Michel · Post by **Michel** » Wed Oct 12, 2022 5:15 pm

clayt wrote: ↑Tue Oct 11, 2022 11:50 pm I'm currently in the process of implementing a Syzygy tablebase prober for my engine. I know of many implementations of probers, but haven't seen any documentation that fully describes how a tablebase is formatted and what the "correct" way to work with one is. Accordingly, I'm looking for some kind of specification on the binary format for Syzygy tablebases. Do you guys know of one?
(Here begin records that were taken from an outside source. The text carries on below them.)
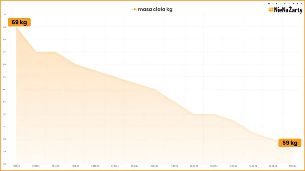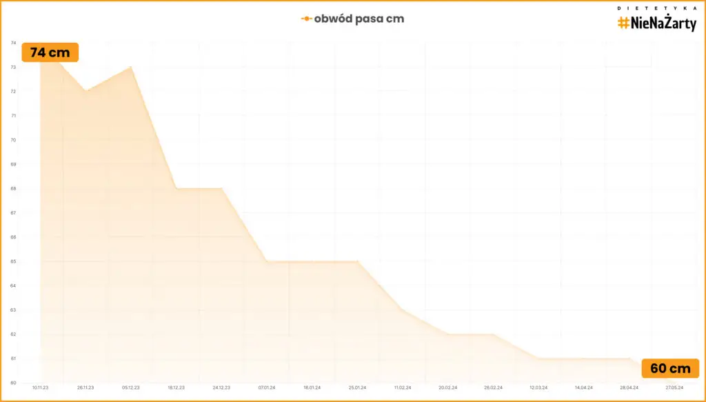 Maria poprawiła swoją relację z jedzeniem oraz ustabilizowała problemy trawienne. Efektem ubocznym było również wypracowanie wymarzonej sylwetki. Maria schudła aż 10,1 kg, a w obwodzie pasa straciła 14 centymetrów. Tak zmieniała się sylwetka Marii na przestrzeni współpracy.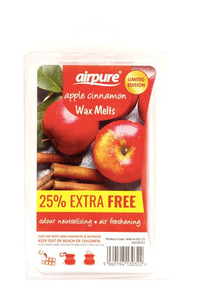 Skladem Airpure*Wax Melts 86g +25% Apple Cinnamon PeMi kód: 732932 EAN: 5060194130322 Airpure vosk do a 45 Kč Do košíku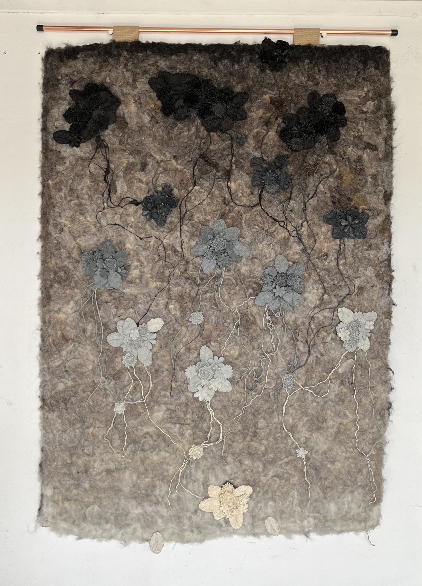 Viltwerk 7 (2023) Wol en latex Bloemvormen met draden op vilt. Groei, verval, organische verbinding.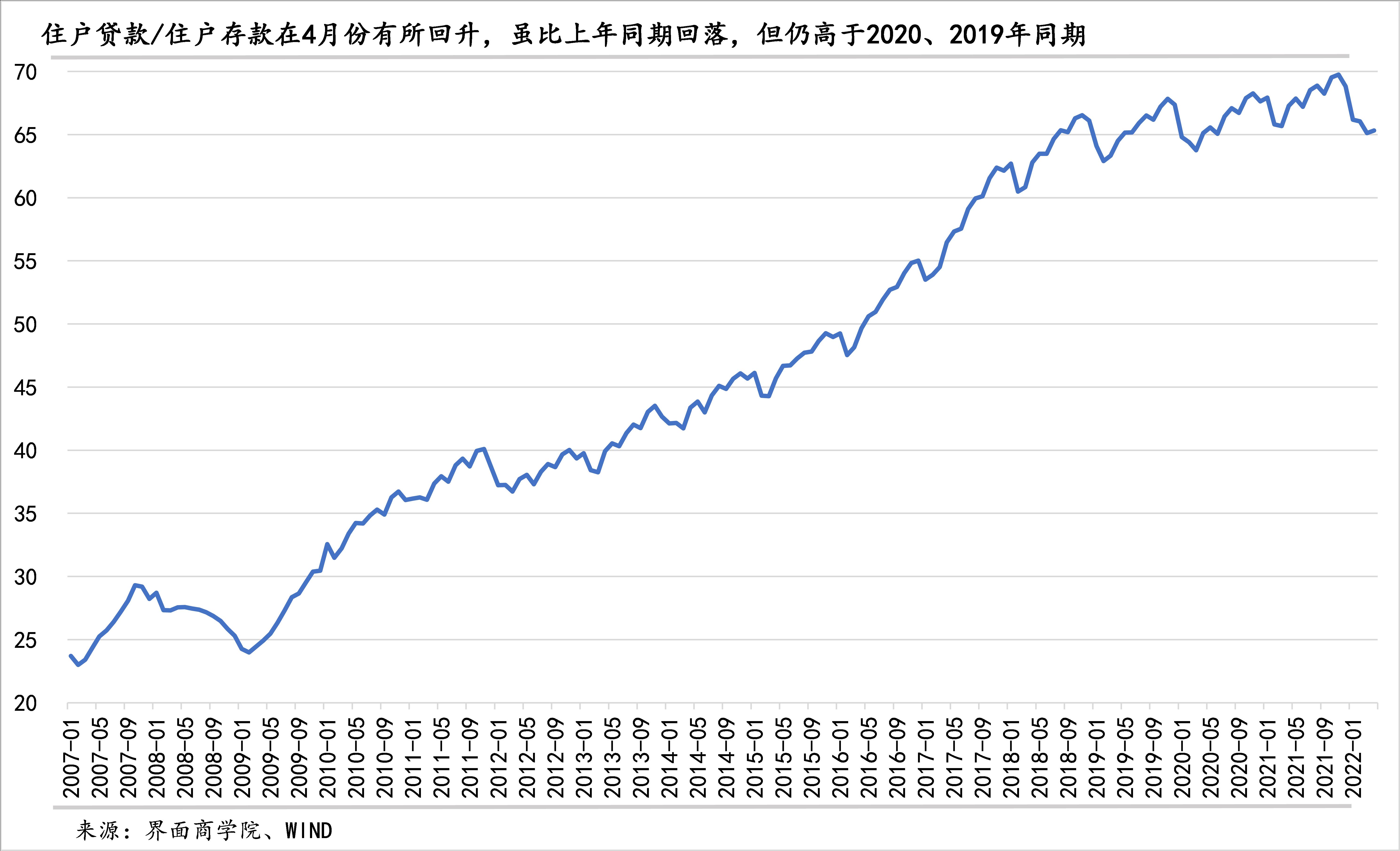 目前来看,上述住户贷款/住户存款的微幅回调,短期内还难形成趋势。一方面,存款的增加,有疫情冲击下社会消费被动减少的原因。今年3、4月份,社会消费品零售总额环同比均出现负增长,1-4月累计同比增速由正转负(-0.2%)。如果以2021年1-4月社会消费品零售总额累计值138373亿元、累计同比增速按照疫情前2019年增长8%作为2022年前四个月的正常消费,那么前四个月少消费逾1.1万亿元。扣除这一因素后,住户贷款/住户存款会有所上升。

I was planning to write a specification some time ago but I gave up. It's not a trivial task.

syzygy · Post by **syzygy** » Sat Oct 15, 2022 10:55 pm

Let's see. Let's limit to WDL for now.

A pawnless tablebase file typically has 2 tables: wtm, btm.
A pawnful tablebase file typically has 8 tables: wtm,bt,m with leading pawn on a-d (so: wtm-a, btm-a, wtm-b, btm-b, wtm-c, btm-c, wtm-d, wtm-d, in that order).

Symmetric tables like KQvKQ and KPvKP only have 1 or 4 tables (wtm).

-------------

The main header of the tablebases file:
bytes 0-3: magic number
byte 4:
bit 0 is set for a non-symmetric table, i.e. separate wtm and btm.
bit 1 is set for a pawnful table.
bits 4-7: number of pieces N (N=5 for KRPvKR)
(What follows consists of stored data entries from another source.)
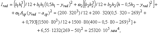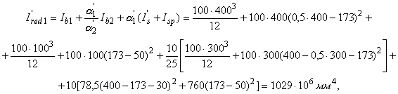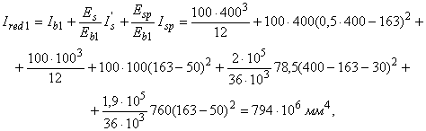 где (1/r)2 - суммарная кривизна от нагрузок, приложенных до приобретения монолитным бетоном заданной прочности (сила P, момент M1), и непродолжительного действия всей нагрузки, приложенной после приобретения монолитным бетоном заданной прочности; (1/r)3 и (1/r)4 - суммарная кривизна от нагрузок, приложенных до приобретения монолитным бетоном заданной прочности (сила P, момент M1), и соответственно непродолжительного и продолжительного действия постоянных и длительных нагрузок, приложенных после приобретения монолитным бетоном заданной прочности;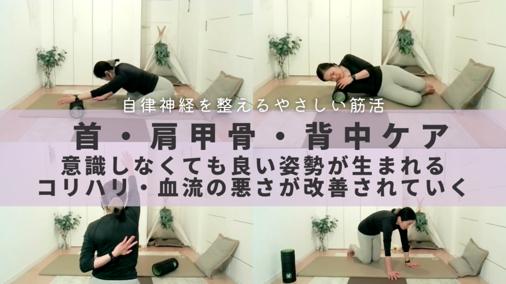 【ほぐす+動かす+ストレッチ】休んでいた筋肉と、使われ過ぎ硬くなった筋肉をチェンジする。交感神経の緊張・コリハリ・巻き肩・ストレートネック・デコルテラインの崩れ・猫背・肩の盛り上がり・脇や二の腕のたるみ・目の疲れ・頭痛改善に。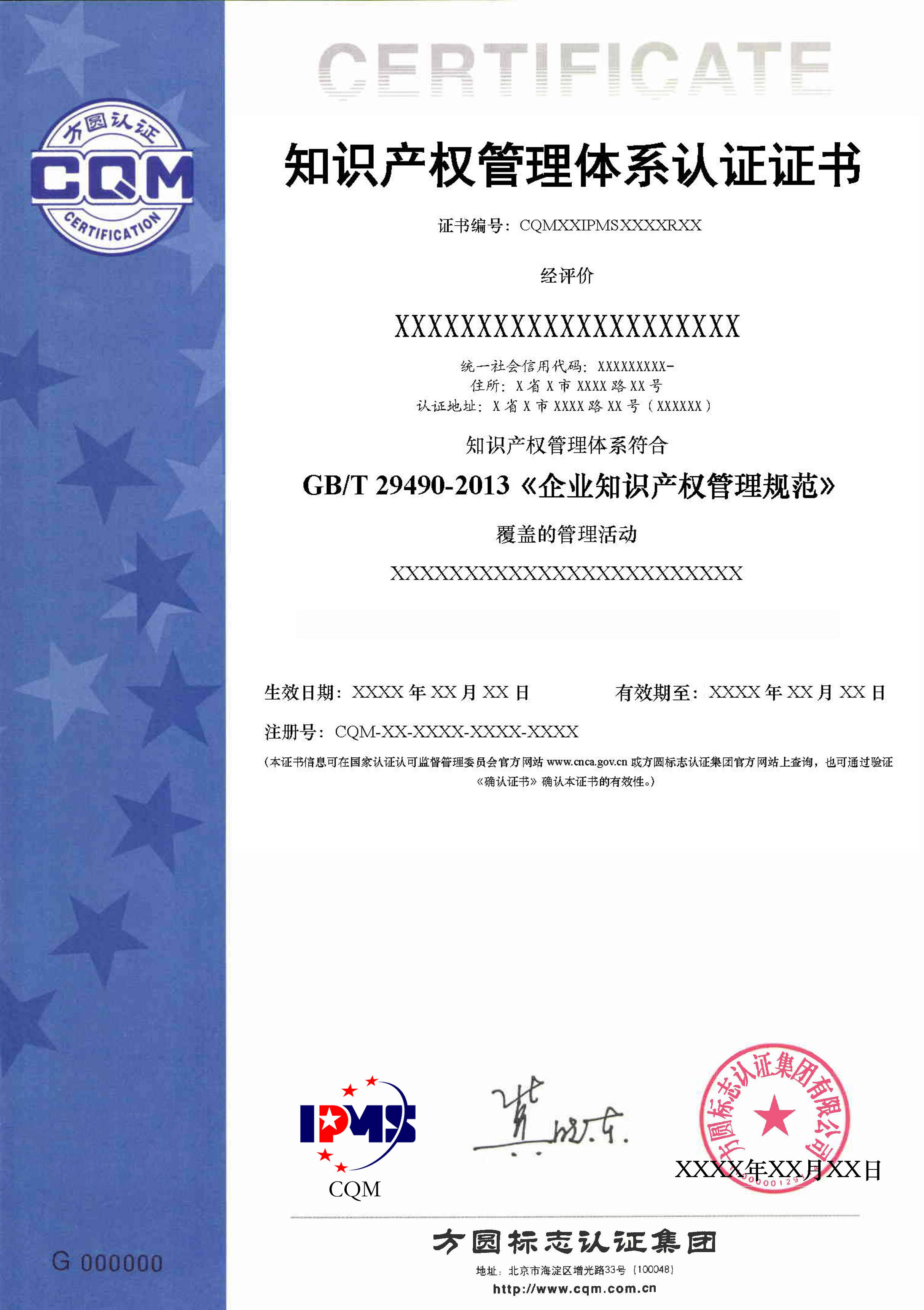 知识产权贯标咨询代理机构很多,但是认证审核机构却很少,全国知识产权贯标认证机构仅有13家。附方圆(CQM)证书样例:

Then, for a pawnless tablebase file, N+1 bytes.
The lower nibbles of these bytes relate to the wtm table, the higher to the btm table.
The nibbles in the first byte are important for mapping positions to an index value, but I won't get into this detail now.
The nibbles in the next N bytes list the piece types in a particular order. (P=1,N=2,B=3,R=4,Q=5,K=6 for white, add 8 for black.)

For a pawnful tables, there are 4x (N+1) (1 pawn) or 4x (N+2) bytes (>= 2 pawns).
The first 1 or 2 bytes I won't try to explain now, then N bytes to list the pieces types in a particular order.

Example: KQvKR

Code: Select all

00000000  71 e8 23 5d 41 11 56 ec  65 ce 00 06 13 00 4e 00

So a magic number 0x5d23e871 (for WDL tables).
Byte 4 = 0x41 means 3 pieces, non-symmetric.
Byte 5 = 0x11, so values 1 and 1 for wtm and btm to be used in index calculations.
Then 56, ec, 65, ce, meaning order wK, bR, wQ, bK for wtm, and wQ, bK, wK, bR for btm.

Next, there may be a padding byte to align the position within the tablebase file to a multiple of 2 bytes.

-------------

For each table:

8 bytes with information about the index structure into the table.
byte 0: flags (*)
byte 1: blocksize
byte 2: idxbits
byte 3: num_blocks - real_num_blocks
bytes 4-7: real_num_blocks.

Then a specification of the canonical Huffman code used for the table (to encode RePair symbols):
byte 0: max_len
byte 1: min_len
Followed by (max_len - min_len + 1) u16 values.

Then information specifying the RePair code book.
bytes 0-1: number of symbols (max 4094 I think, maybe 4095 is allowed).
For each symbol 3 bytes.
Most symbols pair two other symbols. The 3 bytes = 2x12 bits specify these two other symbols.
The terminal symbols have the encode a value from 0-4095 and have the other 12 bits set to 0xfff.

Next there may be a padding byte to align to a multiple of 2.

(*) if bit 7 of "flags" is set, then the table is "constant", i.e. all positions have the same value, which is written in byte 1, and the rest is skipped, also for the next parts.

-------------

A data structure that is used to quickly go from the "index" of a TB position to the relevant compressed data block that contains the value for that position.

Now, for each table:
num_indices entries of 6 bytes, where

Code: Select all

size_t num_indices = (tb_size + (1ULL << idxbits) - 1) >> idxbits;

where tb_size is the number to the number of positions in the table (so the size of the range of index values).
(Here idxbits is a per-table value, and tb_size will depend on file of the leading pawn if >=2 pawns.)

And again for each table:
num_blocks entries of 2-byte values.

Then padding bytes to align to a multiple of 64.

-------------

The actual compressed table data.
For each table:
real_num_blocks blocks of (1 << blocksize) bytes.
Note again that real_num_blocks and blocksize are per-table values.
Each table is padded to a multiple of 64 bytes.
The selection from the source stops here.